Weighted tilted conformal Bayes restores marginal coverage with smaller sets for two-sided censored Gaussian regression under label shift.

A machine-rendered reading of the paper's core claim, the machinery that carries it, and where it could break.

The paper develops conformal Bayes for prediction under label shift when responses are two-sided censored in a Gaussian model. Observed data form a mixed distribution with atoms at the lower and upper bounds plus a continuous density inside the interval. It combines posterior predictive tilting with weighted conformal calibration, deriving a mixed calibration weight from a latent exponential tilt that handles boundary atoms separately from the interior density ratio.

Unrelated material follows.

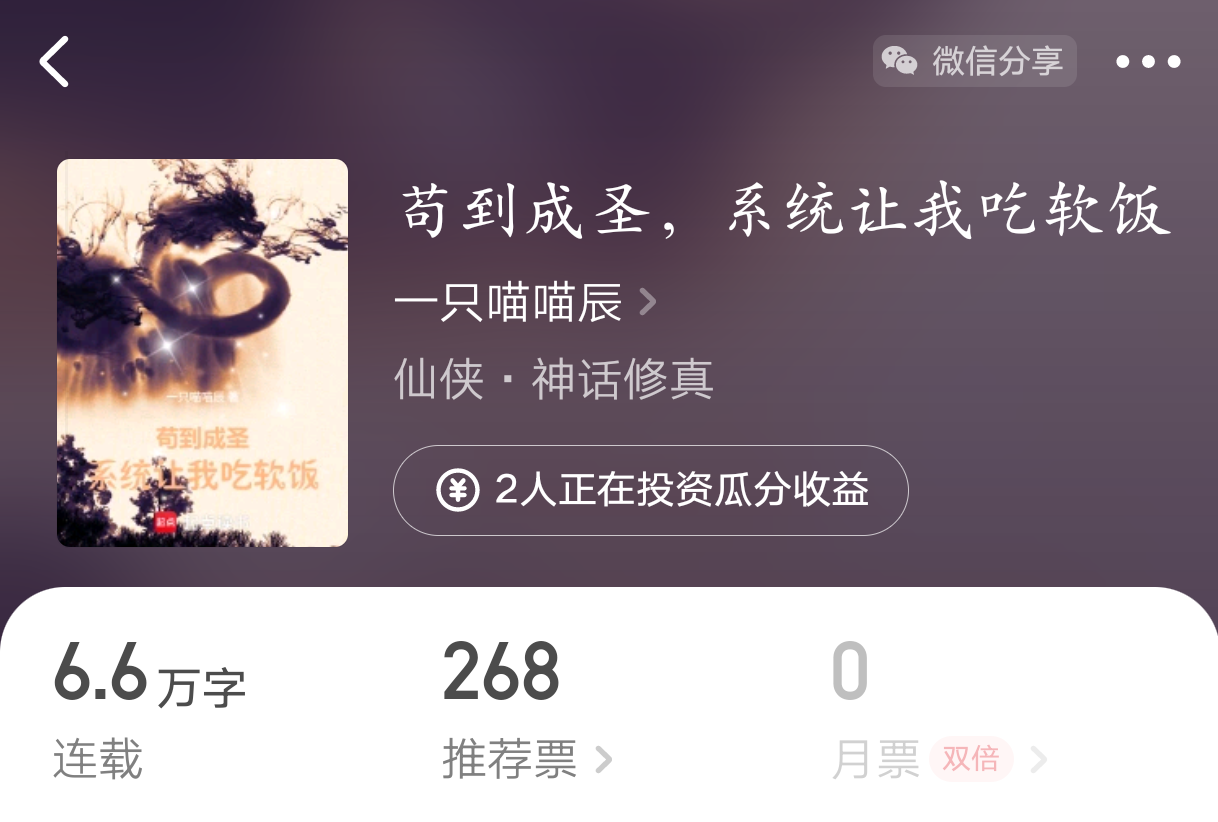 味不太足的穿越系统文,穿越不用说了,这个系统以羁绊为名,虽然标题上写着灵魂是吃软饭但开头部分功能还没完全展开,就真的看不懂这玩意到底哪里好用了。

Synthetic experiments show this approach achieves correct marginal coverage while producing smaller sets than weighted source-score calibration.

Core claim

In a two-sided Tobit Gaussian Bayesian prediction head with Laplace posterior approximation, the tilted predictive distribution has left-atom, interior, and right-atom components with a three-term closed-form normalizer; a latent exponential tilt induces tail-averaged atom weights at the censored boundaries while the interior ratio remains density based, producing a mixed observed-space calibration weight with two atom ratios and one interior density ratio that corrects the calibration measure for target-adapted mixed-HDR geometry.

What carries the argument

Mixed observed-space calibration weight with two atom ratios and one interior density ratio, obtained via latent exponential tilt on the censored scale.

If this is right

  • Prediction sets can combine boundary atoms with an interior interval or reduce to atom-only sets under strong censoring.
  • The method restores marginal coverage with smaller sets than weighted source-score calibration.
  • A trade-off exists between marginal coverage and component-wise behavior across atoms and interior observations.

Where Pith is reading between the lines

These are editorial extensions of the paper, not claims the author makes directly.

  • The mixed-weight construction could be adapted to other mixed discrete-continuous observation models beyond censoring.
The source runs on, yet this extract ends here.